The piece was the theme melody in the Swedish record sales list Kvällstoppen in the 1960s. It also became known as the background music for a contemporary Noxzema Shaving Cream commercial, featuring Swedish model Gunilla Knutsson, and for key scenes in the films Scarecrow (1973) and Slap Shot (1977). The piece also features in the films The Full Monty (1997) and Wallace & Gromit: The Curse of the Were-Rabbit (2005). It was used on BBC Television in 1976 by the British comedians Morecambe and Wise in their "Breakfast Sketch" routine, where they perform a dance using various kitchen utensils and food items. It was also used on Match Game when Gene Rayburn or one of the panelists began "getting antsy".
The band Mötley Crüe used The Stripper to introduce the show on their 1987's Girls, Girls, Girls-Tour as well as at the Moscow Music Peace Festival in 1989.
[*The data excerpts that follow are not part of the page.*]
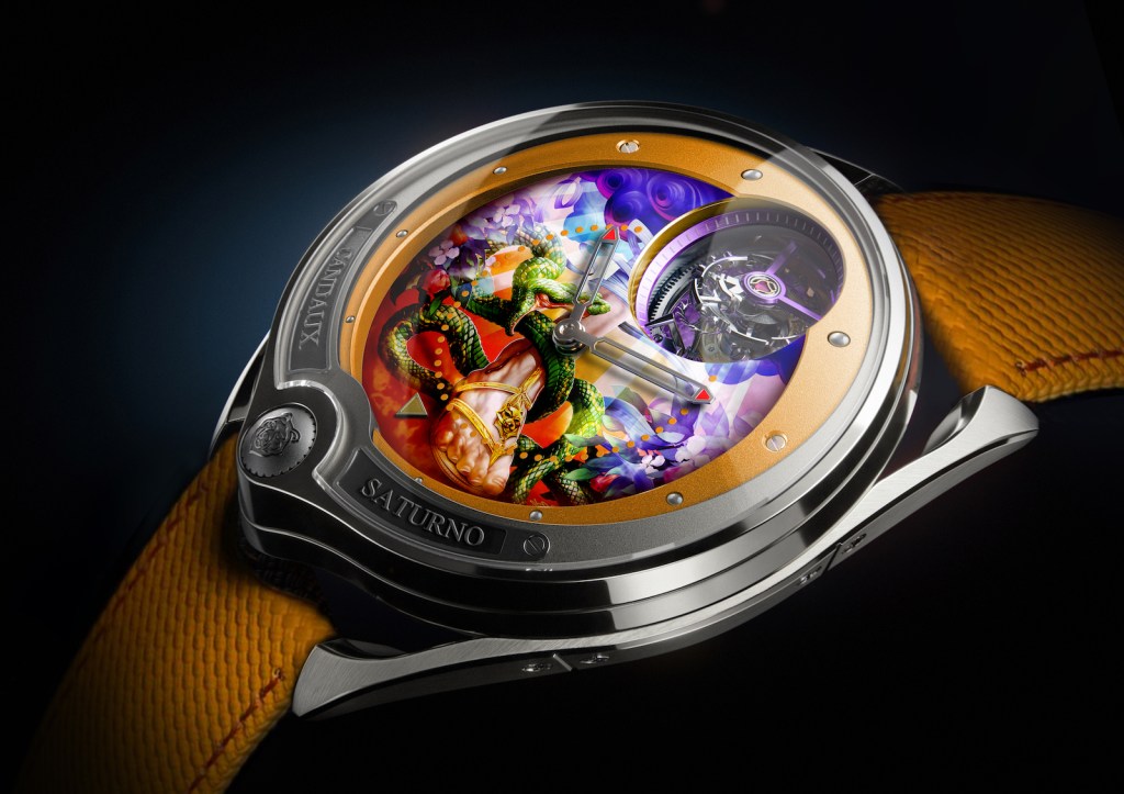 From the house of David Candaux, the DC7 Genesis Unique Piece by Candaux and Saturno. The house worked with the artist Mikki Saturn to create this exceptional handcrafted timepiece with a miniature painting and outfitted with a flying tourbillon. Photo courtesy Only Watch. Handout via The Gourmet Gazette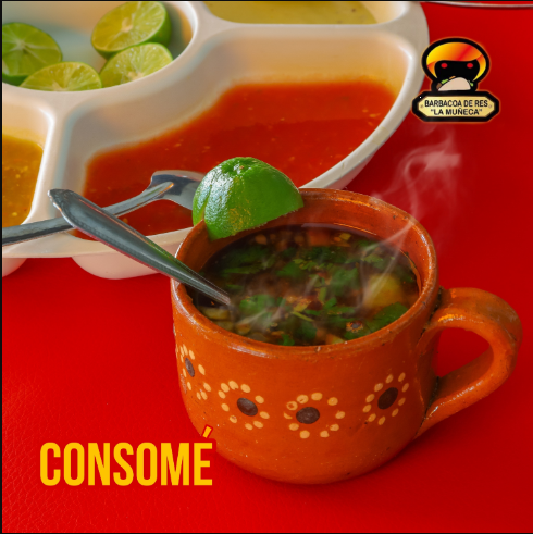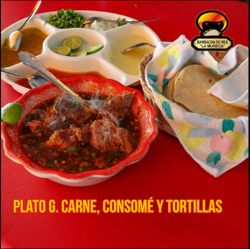 Plato con carne, consomé y tortillas, verduras, salsa y limon.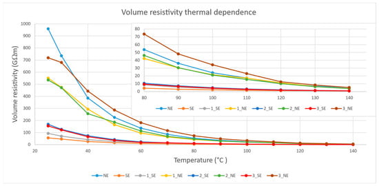 The volume resistivity (or DC resistivity) of a material represents how strongly the examined material opposes the flow of electric current through the volume of a cubic specimen, and it is reciprocal of the electrical conductivity [19]. Graphical representations of the obtained results are shown in Figure 7.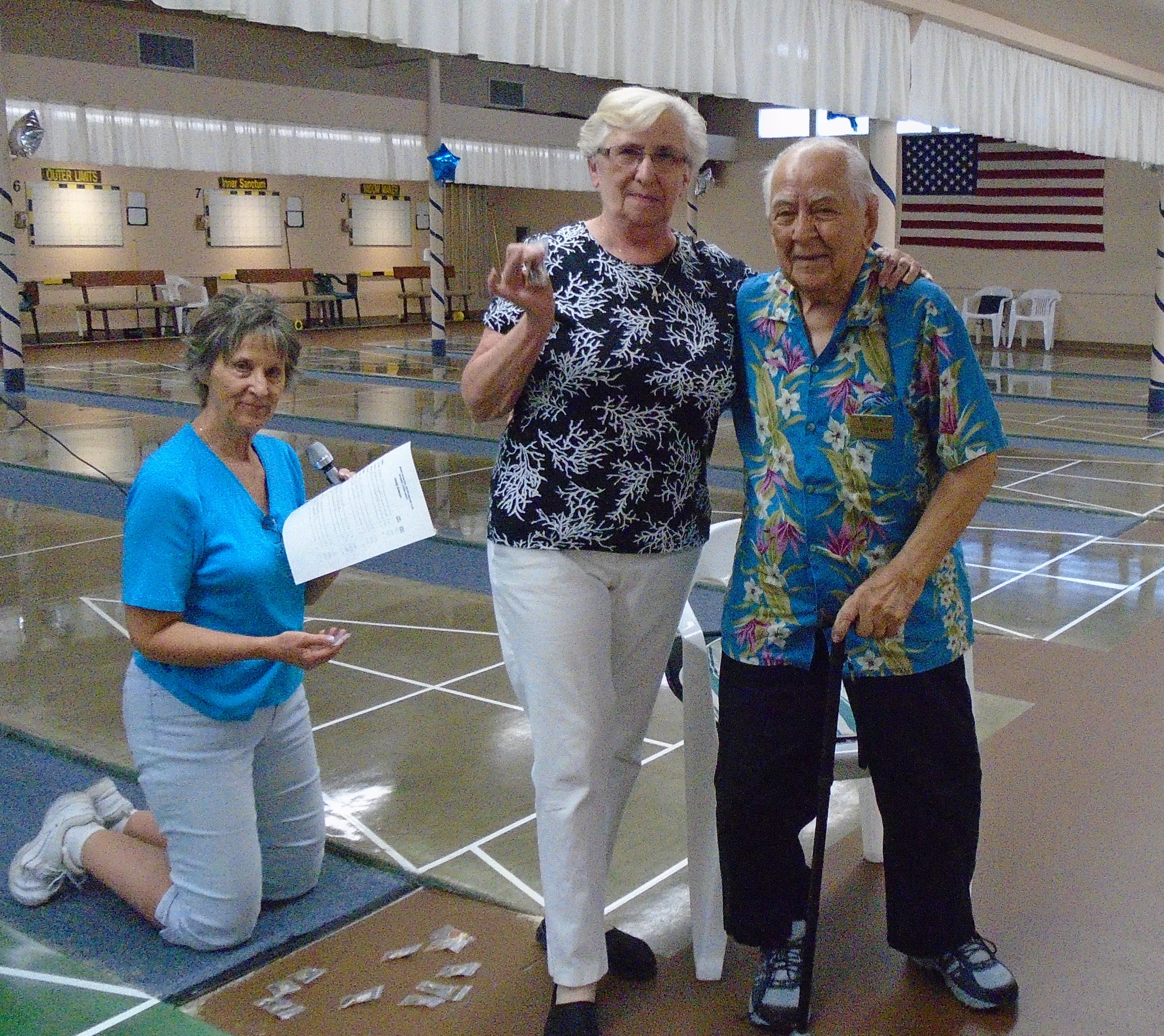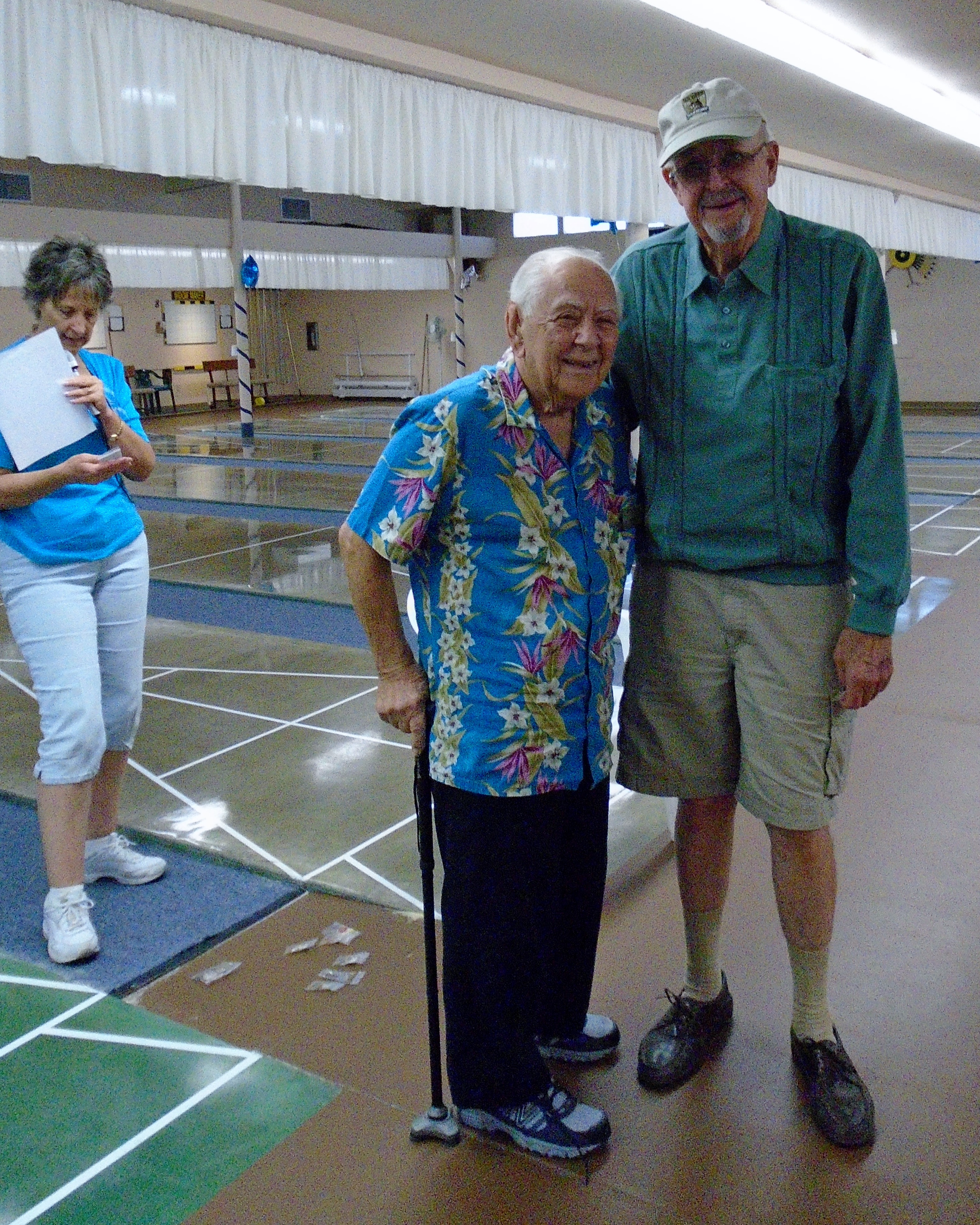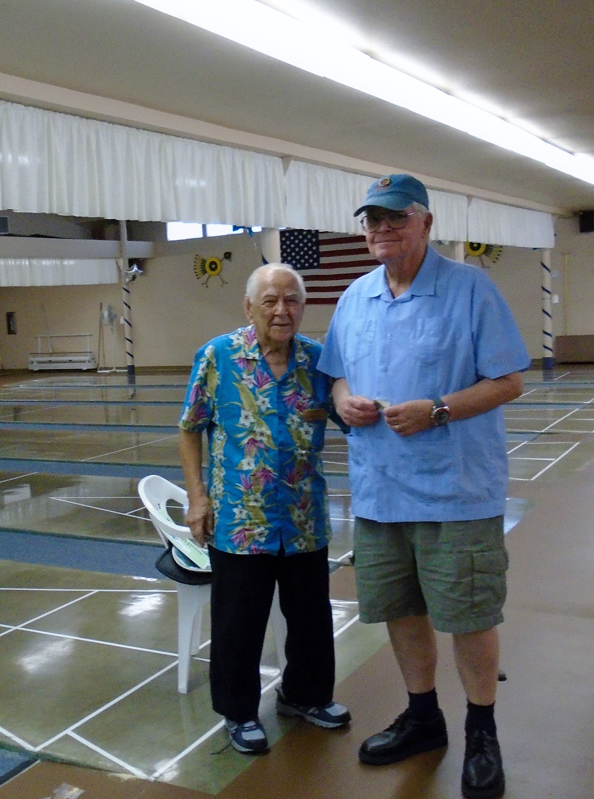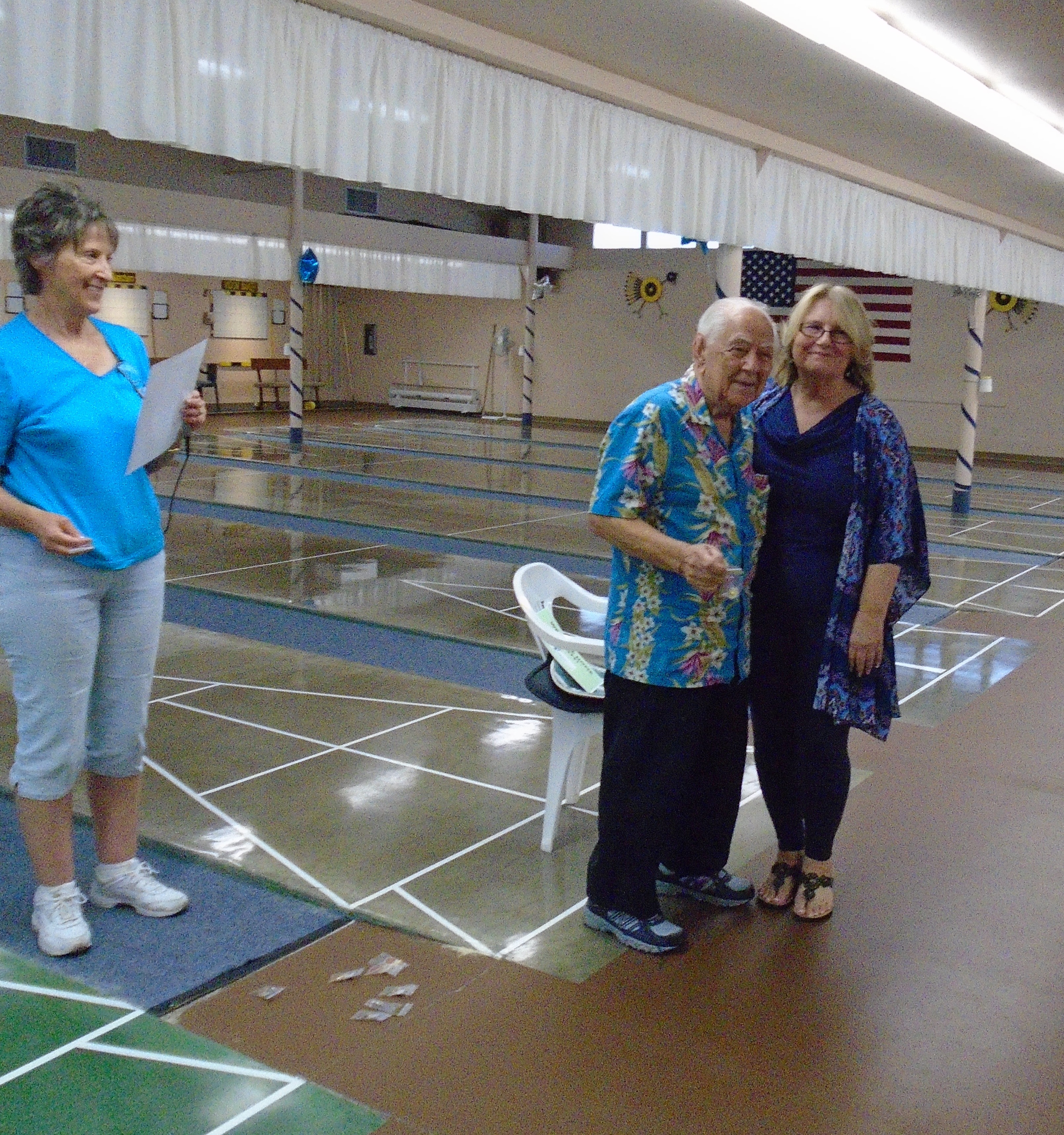 The 20th Annual Bonspiel Shuffleboard Tournament was held on July 13th, through July 15th, at Hemet Municipal Shuffleboard Courts. Atm’s in Charge of the scheduling and recording the results of each game were District 7 Tournament Director Sharyn DiChiro and her assistant Lynda Goggin. They did an outstanding job keeping the games running smoothly and on time. As Hemet Municipal Shuffleboard President, Carol Anderson with her expert crew of helpers organized delightful and nutritional lunches each day. Everyone was excited and honored to have the Founder of the Hemet Municipal Bonspiel, Marty Boyajian in attendance and playing once again with all his friends. It was a joyful time for all. The Bonspiel is a very different type of Tournament, which is only played once a year. There are four divisions, decided by wins and losses the first day. No one is ever eliminated, all play two games each day. If you win both games the first day you enter the Red division. If you win the first game and loose the second game you enter the Blue division. Players losing the first game but winning the second game are in the Green Division. Those losing the first two games remain in the purple division. The most appreciated part of the game is there is no penalty for landing in the kitchen. Players may accrue 30 extra spread points each game above their opponents score. Of course your opponent tries to take your scores out. It makes for an interesting and fun game. Players get 2 pts for each win. Final results total up the game winning points and the total of spread points for each player, making the play more equal for all. Carol Anderson assisted by Marty presented the pins to all winners, who will also receive the ever popular Bonspiel vest. The winners for the 2015 20th Anniversary Bonspiel were:

The comedy troupe Monty Python used the song in two skits on their show Monty Python's Flying Circus:

- A beachgoer (Terry Jones) is trying to change into a bathing suit on the beach, only to be exposed as he begins taking his clothes off. His last attempt finds him in front of an audience, to whom he gives a show. As the song ends, the words "It's a man's life, taking your clothes off in public" appear onscreen, echoing the episode's running gag about infringing on the British Army's recruitment slogan.
- An economic minister (Terry Jones) gives a report on the British economy while doing a striptease to the song.

The song was put into regular use for ITV's children's series SMTV Live from 1998 to 2003, most particularly during the "Strippin' Vicar" and "Chums" sketches when the vicars such as one of the hosts Ant McPartlin and one of the guests Frank Skinner destroy the set.

It was also used once on CBS-ABC game show Match Game which host Gene Rayburn and one of the celebrity panelists Betty White had a showdown.

Lyrics were added to the song in the Family Guy episode "The Peanut Butter Kid." In a cutaway gag, Peter Griffin's great-aunt, Queen of Burlesque Griffin, a stripper who performed circa the 1920s-1950s, sings anachronistically of how men's carnal desires were unsatisfied in the days before pornography was widely available.